Reliable flow modeling of highly heterogeneous/fractured reservoirs
necessarily goes through the calibration of poorly determined geological and/or
petrophysical parameters to field flow measurements. To that end, optimization
procedures based on gradient methods or on gradual-deformation techniques have
been developed in recent years.
This paper proposes a sequential method combining those two approaches. The
case under consideration is a water-bearing reservoir constituted of
heterogeneous, karstic and fractured limestones located near Poitiers, France.
In a preliminary step, drilling, core, and log data acquired in approximately
30 wells were integrated into a geostatistical facies model used as the support
for flow simulation.
First the facies petrophysical properties of this model were calibrated to
well pumping and interference responses within a gradient-based inversion loop.
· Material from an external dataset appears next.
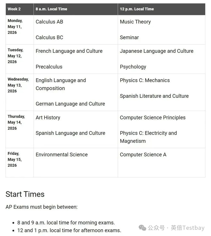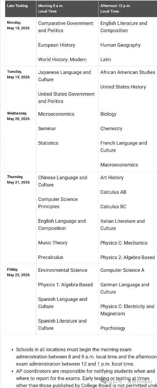 2026年AP考试将于2026年5月4日~8日和5月11日~15日两周内进行。
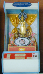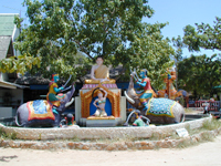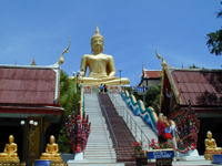 ![]() | ◆ビッグブッダ◆ 島の北側の海岸部に突き出した小さな島にある高さ12mのビッグブッダ。メイン道路からは小さな門をくぐって舗装されていない道を少し行きます。ビックブッダは小高い丘の頂上にあるので,ボプット港に帰ってくるスピードボートからも見え,またサムイ空港から飛行機が飛ぶ時にはビッグブッダに向かって飛び立つ形になっていて,サムイ島の目印的存在です。 ビッグブッダの階段下では仏像が売られていたりするんですが,その中でもびっくりしたのが*これ*。仏像の頭の周りの輪に電飾がくるくる回って,よく見るとスロットがあります。「パチンコの神様」と私は言ってたのですが,帰ってきて調べてみるとおみくじマシーンだそうです。なんかありがたみないよね(^_^;)。 | |

Flow responses could be reproduced, with the exception of a few
"problematic" observation wells.
Second the gradual-deformation method was applied, globally then locally, to
improve the distribution of facies while keeping the previously optimized
petrophysical properties. The problematic wells' responses could be reproduced
better without altering the other wells’ match. Furthermore, that good match of
calibration wells was obtained on a simplified geostatistical model involving
fewer facies than in the initial model. The gradual-deformation method then
appears as a robust and effective approach to find a model best matching a set
of flow data among equiprobable geostatistical models.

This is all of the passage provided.